20 maio 2007

"há quanto tempo não recebe flores?"

Só uma coisa me entristece
O beijo de amor que não roubei
A jura secreta que não fiz
A briga de amor que não causei
Nada do que posso me alucina
Tanto quanto o que não fiz
Nada do que eu quero me suprime
De que por não saber ainda não quis
Só uma palavra me devora
Aquela que meu coração não diz
Só o que me cega, o que me faz infeliz
É o brilho do olhar que não sofri

jura secreta, canta Simone, escrevem Sueli Costa e Abel Silva.


a semana começara com chico e caetano a gritarem-me, um dia inteiro "é inútil dormir que a dor não passa". sei que não passa, mas a dada altura o cansaço torna quase impossível arrastar as pernas e a cabeça pesada, cada vez mais pesada, apesar de cada passo a tentar esvaziar de quem persisto trazer no coração.

agora durmo e não me lembro sequer se sonhei. a dor com que acordo é igual àquela com que me deito e começo a adiar outra vez a hora de me confiar à cama vasta, por saber que vai ser igual o acordar.

hoje reguei as flores da varanda, apesar de estar a ameaçar chuva desde manhã. estes dias cinzentos também secam a terra. e "tudo pode acontecer, uma nuvem cheia não chover".

já fez um ano que me disseram que trazia cara de quem falhava flores e amores. hoje trago floridas, na varanda, uma sardinheira rosa garrido e uma gerbera rosa pardo; e a aguentarem-se, apesar da minha distracção e esquecimento, um vaso com salsa, outro com alecrim e com um cacto que mudou de côr. e ontem recolhi uma begónia matizada de laranja de um horto perto do mar, para a confiar a um vaso vermelho sangue. nem nas flores sei ser discreta. mas também já não importa. e como me disseram que a planta precisa de luz, embora não de sol directo, talvez assim traga mais vezes a casa longe da escuridão. há flores que fazem as vezes dos cães que se levam à rua.

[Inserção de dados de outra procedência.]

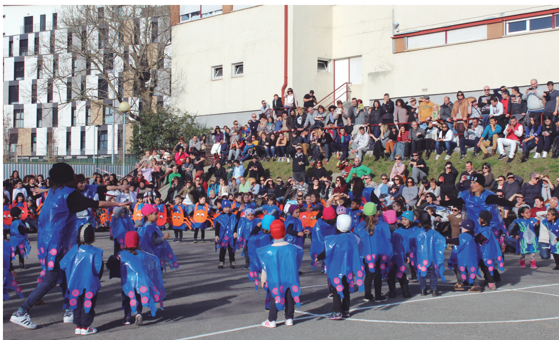
'Under the sea' doinuaren erritmoak itsaspeko animali andana ekarri zuen Saota-Zumaburu ikastetxeko patioa.
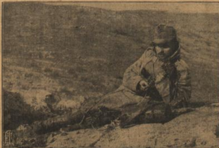
Österr.-ungarischer Telephonist auf weit vorgeschobenem Posten an der Serethfront.

Sie fügte sich und fühlte sich so maßlos glücklich an seiner Seite. Von seiner Heimat in Westpreußen erzählte er ihr, von
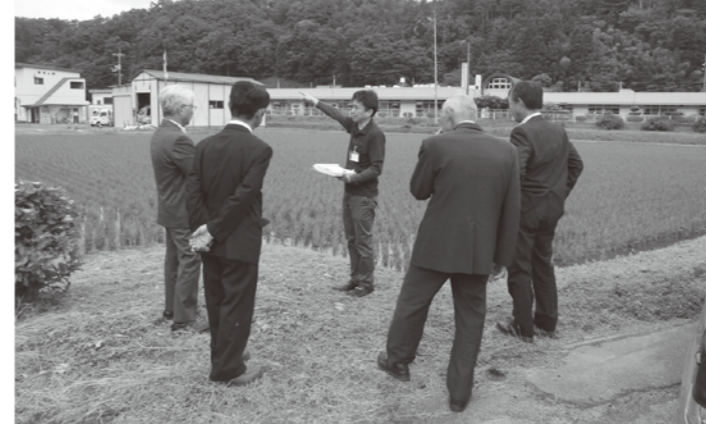
晴雲の里移転予定地を視察
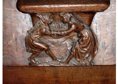
25 – Homme et femme unis par les avant-bras
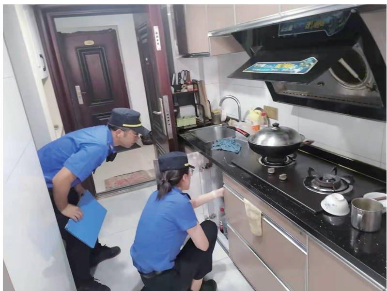
检查高层建筑燃气安全隐患

推进警报系统智能监测。由电信公司提供技术支持,在全季酒店两部电梯的轿厢内各安装了一个智能摄像头。电梯自动监控识别系统与电梯门控制系统相连接,若有燃气瓶和电动自行车进入电梯轿厢就会被智能摄像头自动识别,电梯会发出警报声,且电梯门将无法关闭,确保瓶装燃气无法进梯上楼。
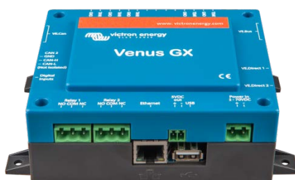
Venus GX – vue de face
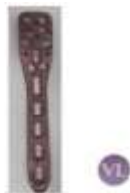
FRAGMENTOS PEQUEÑOS 3.5 PLACA PHILO TK
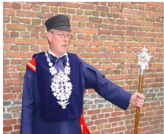
De 'Keizer' van het Gilde van Essen, voor het leven!
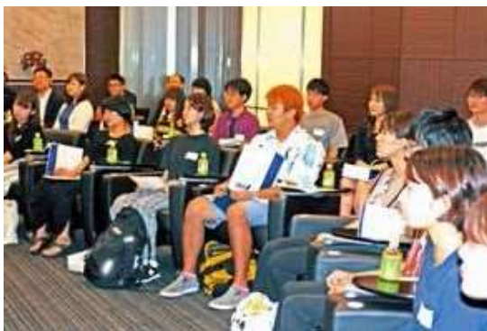
中国で実施される「ハタチの一步」プロジェクトの説明に耳を傾ける参加者の皆さん

観光庁、文部科学省、外務省、経済産業省の中央省庁をはじめ、日本修学旅行協会や日本経団連連合会などの各種関係団体とJATA、全国旅行業協会
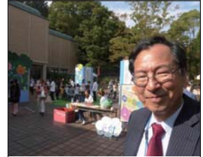
双方向の情報交流
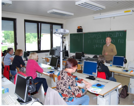
Starejši brskamo in nakupujemo po spletu
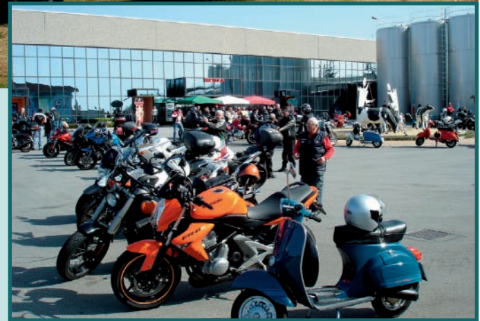
Il motoraduno del Moto Club Mad Cat 73
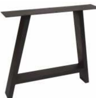
A Elegant | 3167 H 72 B 80 Profiel: 40 x 60 mm.
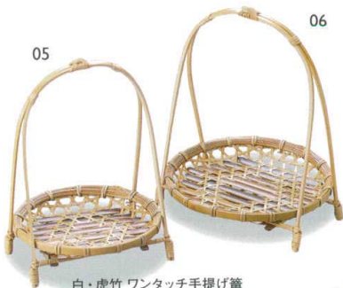
白・虎竹 ワンタッチ手提げ籠

14-126-05 (22388) 小 2,500円 約φ14×H21cm 14-126-06 (22389) 大 2,800円 約φ17×H22.5cm ※籠を取り外しできるので収納に便利です。
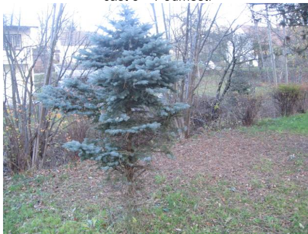
část 3 – Podměstí

relembro umas linhas de almada negreiros sobre uma menina que falava com as flores. e dou comigo a já não falar sozinha, mas às flores que me aturam as mágoas - quando, na manhã, ainda de pijama e descalça, me sento na cadeira de lona da varanda, a dar de beber à sede e quando à noite, já sentada no chão, faço de conta que não mas procuro no céu a estrela que ali subiu e que me protege e me dá um abraço, um abraço, um abraço e manda este frio todo para longe, tão longe que não saiba onde o perdi. e numa hora e noutra, leio às flores versos alheios e cartas minhas. as flores não respondem, mas se não gostassem já tinham morrido. à troca, respigo-lhes as folhas secas e as flores murchas e deito-lhes a água do chá da noite e as borras do café da manhã.

esta manhã decidi que vou a buenos aires, cumprir uma viagem alheia que passará também a ser minha. devo ter quem cá venha regar as flores, enquanto vou ver se encontro quem me sussure "eu quero que você venha comigo", quem roube e me confie amores-perfeitos dos canteiros do jardim do palácio de cristal , urze da beira da estrada e malmequeres dos prados de estremoz, quem tenha sempre fome de mim, quem tenha, à séria, de forma definitiva, mais coragem que medo, para ficar a vida inteira (seja lá isso o que for, dure lá o que durar).


pedro sena-lino "livro de albas, zona de perda".
caetano e chico juntos e ao vivo, "bom conselho".